Go to your terminal and navigate to the root directory of your MTA project.

Make sure you are logged in to Cloud Foundry and you are targeting the right organization and space.

Once double checked execute the deployment command:

npm run deploy

This will start the deployment and can be followed in the terminal window,

Once the deployment is finished you can go to your Cloud Platform account under your organization and space and you will see the applications were started under the “Applications” section.

Select the “ui5Websockets” application and open the URL.

You will see that the WebSocket server will greet you, just like we taught him to.

When you resend a message to the “ErrorQueue” via Postman or via CPI (AMQP) you will see that the Node application detected this message and that it is automatically shown inside the app because of the WebSocket connection.

Ep11. – Max’s Adventure in SAP Cloud Platform: Enterprise Messaging w/ Dries Van Vaerenbergh

For more information or a recap you can replay the Livestream “Ep11. – Max’s Adventure in SAP Cloud Platform: Enterprise Messaging w/ Dries Van Vaerenbergh” where Max and I have a deeper look on the Enterprise Messaging Service itself.
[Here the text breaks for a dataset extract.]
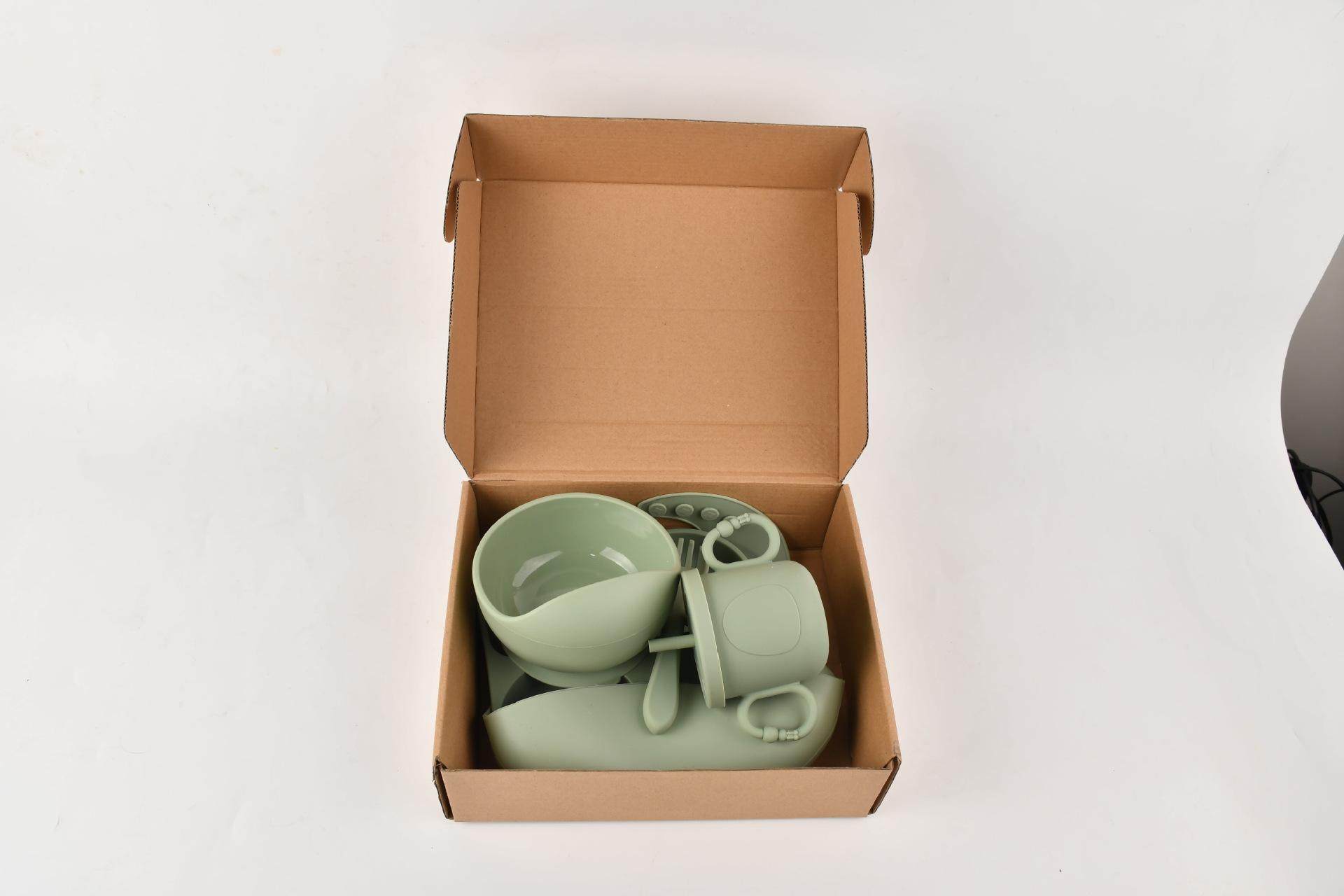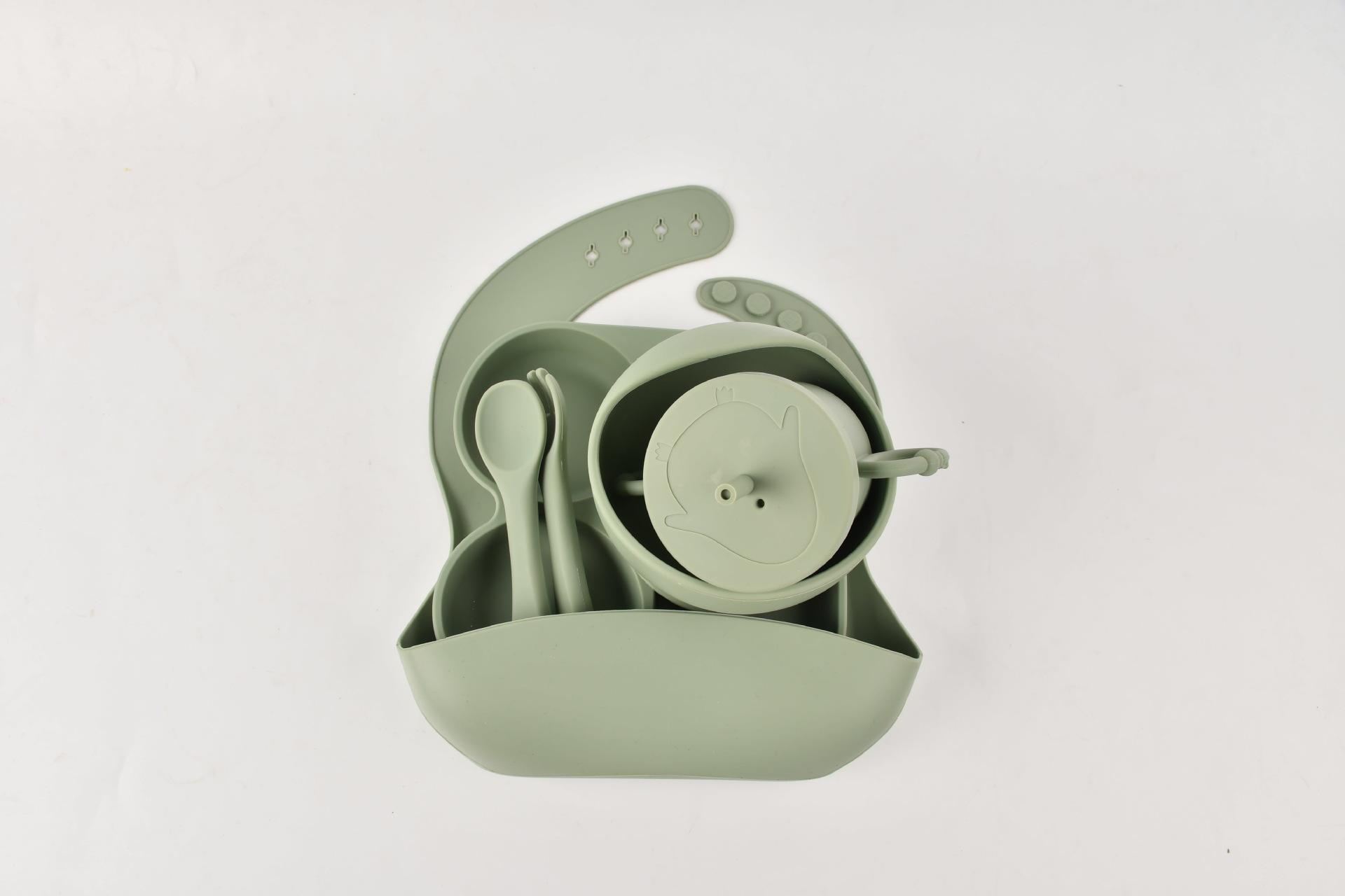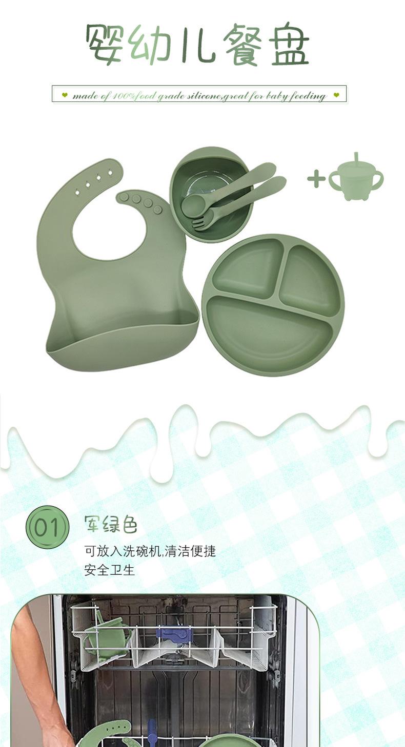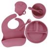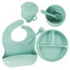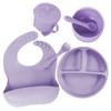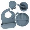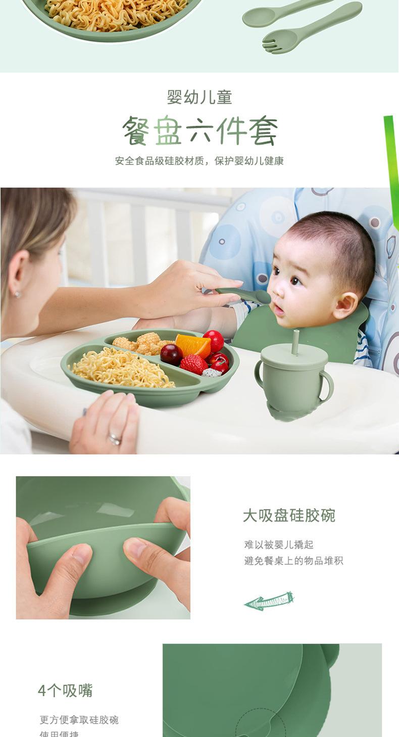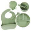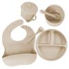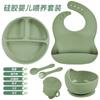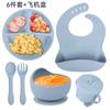 Prato de jantar de silicone complementar para crianças transfronteiriças tigela prato de jantar complementar para bebê rosto sorridente seis peças de alimentação de mãe para filho talheres atacado

This combined with a small chat WebSocket app. Enjoy!

 

Wrap up 🎁

With this you created a Multi Target application containing a Node.js app, which is responsible to connect to the Enterprise Messaging Service and will notify the UI5 application in real time with the appropriate messages.

The connection to the WebSocket could be place in the “Component.js” file or even in an “App.controller.js” file. In this blog I only showed you on how to connect the whole architecture.

Do notice, there is no authentication method implemented on your Node WebSocket application. This could be achieved by using the xsuaa service and the passport package. At the moment the “authenticationType” for the “NodeWS” path inside your “xs-app.json” file is also set to “none”. It should only take some small configurations and development to setup this security. Just do not forget it. 😉

I hope you found this blog interesting and that it may serve you in the future during your Enterprise Messaging, Node.js, Websocket and UI5 development.